◆ **TASK TO COMPLETE**: Your copy of the data should match it exactly, except that the pictures are gone.

◆ **AVAILABLE DATA**:
>>
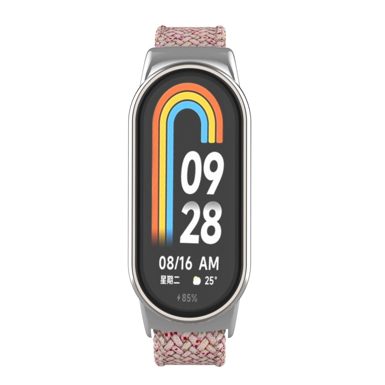 For Xiaomi Mi Band 8 Metal Head + Adjustable Nylon Braided Steel Buckle Watch Band(Starlight Pink)
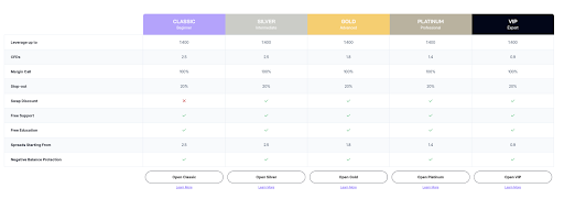 SPOVA bietet fünf maßgeschneiderte Kontotypen, die jeweils auf unterschiedliche Handelsbedürfnisse – vom Einsteiger bis zum erfahrenen Profi – zugeschnitten sind. Alle Konten beinhalten einen Hebel von bis zu 1:400, Schutz vor negativen Kontoständen, kostenlosen Support, kostenlose Schulungen, Margin Call bei 100 % und Stop-Out-Level bei 20 %.
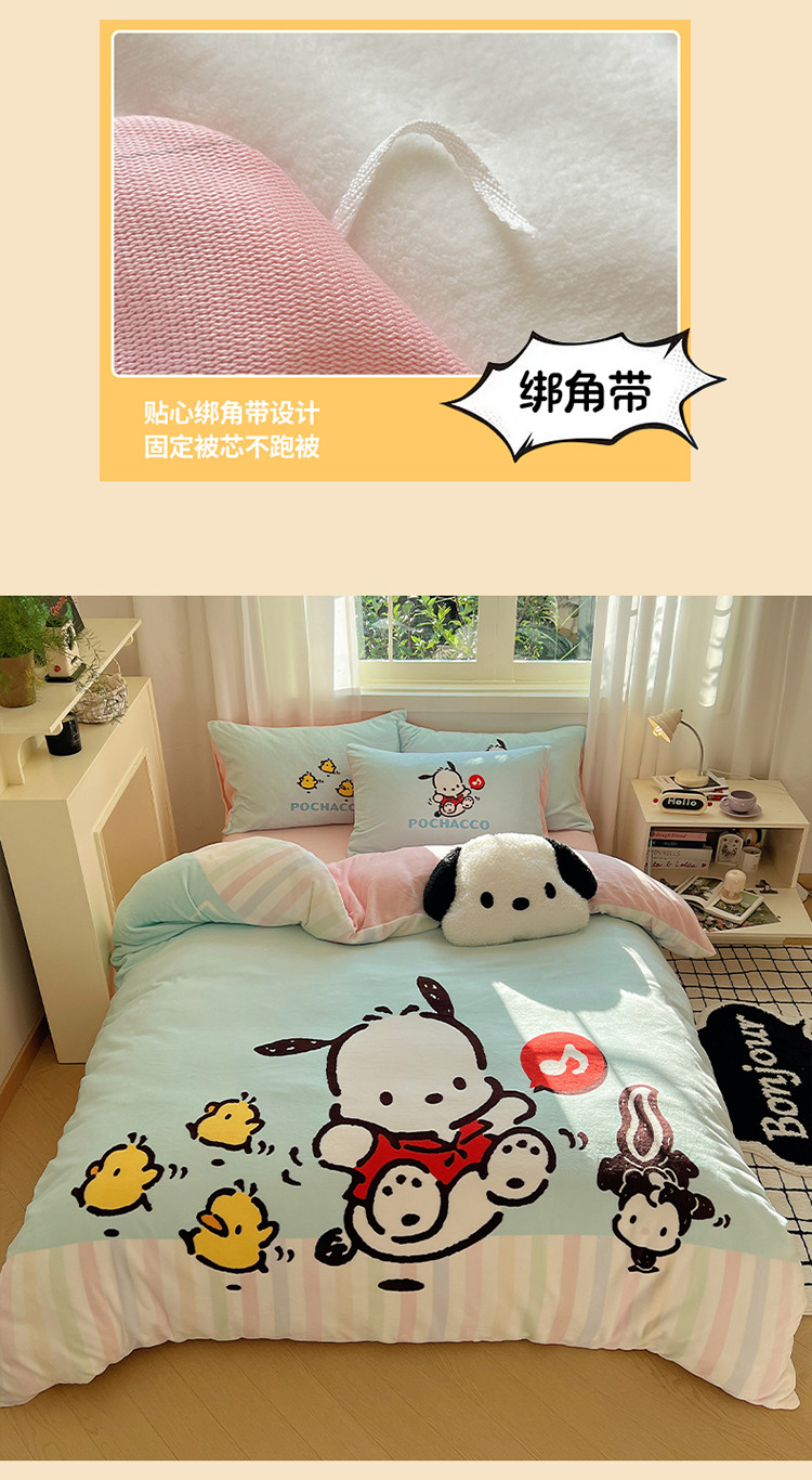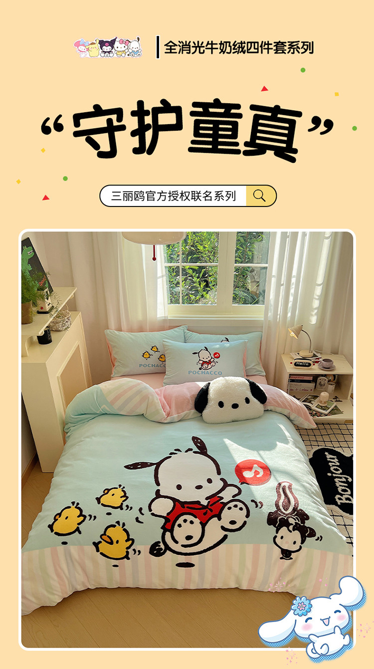 (总)三朵家纺 2024新款全消光三丽鸥印花牛奶绒系列四件套,爱心凯蒂,街舞库洛米,凯蒂公主,乐园KT,漫画帕恰,美好帕恰,美乐蒂格格,淘气帕恰,甜蜜公主KT,童心帕恰,艺术家库洛米,运动帕恰,字母帕恰
<<
◆ **RESULT OF THE TASK**:
 For Xiaomi Mi Band 8 Metal Head + Adjustable Nylon Braided Steel Buckle Watch Band(Starlight Pink)
 SPOVA bietet fünf maßgeschneiderte Kontotypen, die jeweils auf unterschiedliche Handelsbedürfnisse – vom Einsteiger bis zum erfahrenen Profi – zugeschnitten sind. Alle Konten beinhalten einen Hebel von bis zu 1:400, Schutz vor negativen Kontoständen, kostenlosen Support, kostenlose Schulungen, Margin Call bei 100 % und Stop-Out-Level bei 20 %.
 (总)三朵家纺 2024新款全消光三丽鸥印花牛奶绒系列四件套,爱心凯蒂,街舞库洛米,凯蒂公主,乐园KT,漫画帕恰,美好帕恰,美乐蒂格格,淘气帕恰,甜蜜公主KT,童心帕恰,艺术家库洛米,运动帕恰,字母帕恰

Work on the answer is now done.